Data for review =>
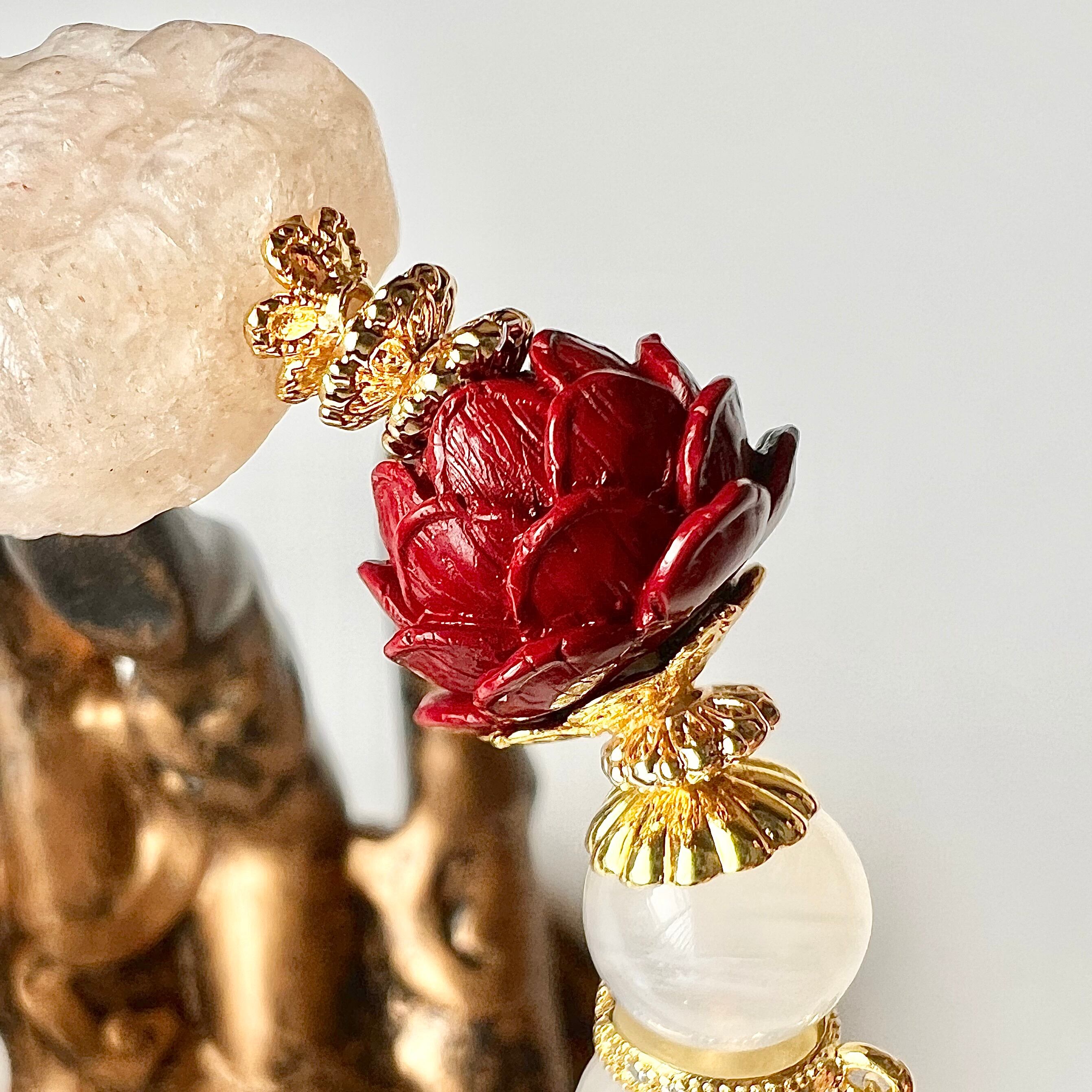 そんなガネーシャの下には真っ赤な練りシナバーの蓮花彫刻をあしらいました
...
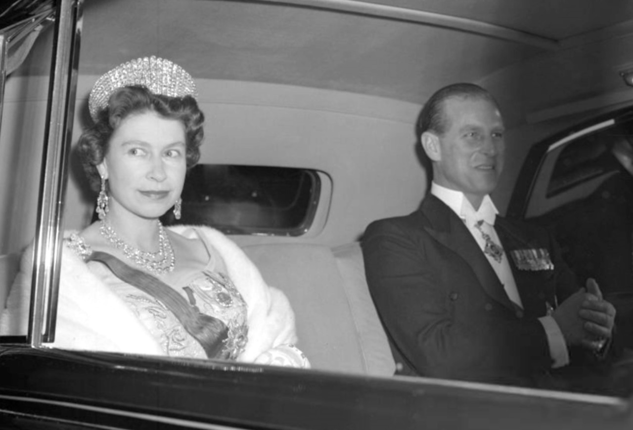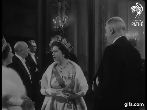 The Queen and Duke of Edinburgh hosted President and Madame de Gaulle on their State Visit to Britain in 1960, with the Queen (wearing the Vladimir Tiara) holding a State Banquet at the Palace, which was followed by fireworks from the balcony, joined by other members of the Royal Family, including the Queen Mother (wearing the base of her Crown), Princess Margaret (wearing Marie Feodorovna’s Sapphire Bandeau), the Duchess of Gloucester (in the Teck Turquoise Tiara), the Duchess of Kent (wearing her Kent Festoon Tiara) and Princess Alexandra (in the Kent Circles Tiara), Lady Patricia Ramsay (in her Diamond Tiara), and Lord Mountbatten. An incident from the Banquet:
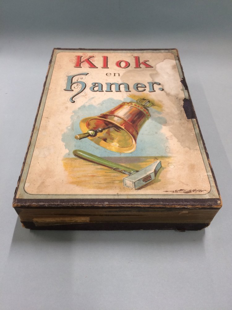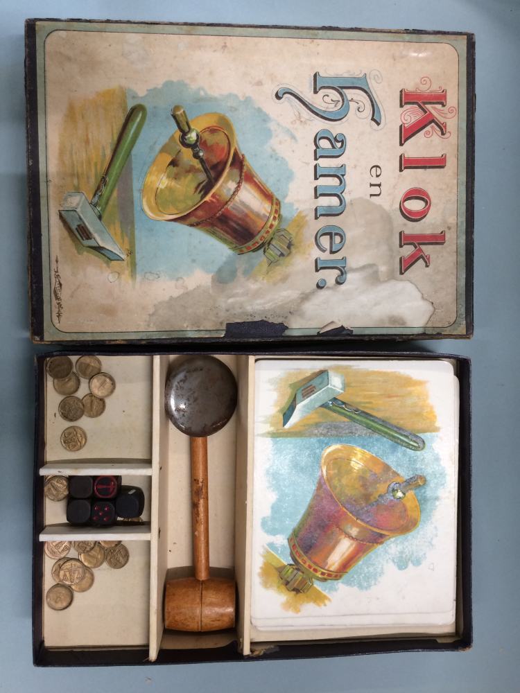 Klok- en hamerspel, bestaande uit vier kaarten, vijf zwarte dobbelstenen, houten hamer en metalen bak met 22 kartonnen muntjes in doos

Exercise instructions =>
If a picture sits between the line containing "The Queen and" and the line containing "Klok- en hamerspel, bestaande", leave it out, and return the lines of that range above exactly, both ends included.

Result of this task =>
 The Queen and Duke of Edinburgh hosted President and Madame de Gaulle on their State Visit to Britain in 1960, with the Queen (wearing the Vladimir Tiara) holding a State Banquet at the Palace, which was followed by fireworks from the balcony, joined by other members of the Royal Family, including the Queen Mother (wearing the base of her Crown), Princess Margaret (wearing Marie Feodorovna’s Sapphire Bandeau), the Duchess of Gloucester (in the Teck Turquoise Tiara), the Duchess of Kent (wearing her Kent Festoon Tiara) and Princess Alexandra (in the Kent Circles Tiara), Lady Patricia Ramsay (in her Diamond Tiara), and Lord Mountbatten. An incident from the Banquet:
 Klok- en hamerspel, bestaande uit vier kaarten, vijf zwarte dobbelstenen, houten hamer en metalen bak met 22 kartonnen muntjes in doos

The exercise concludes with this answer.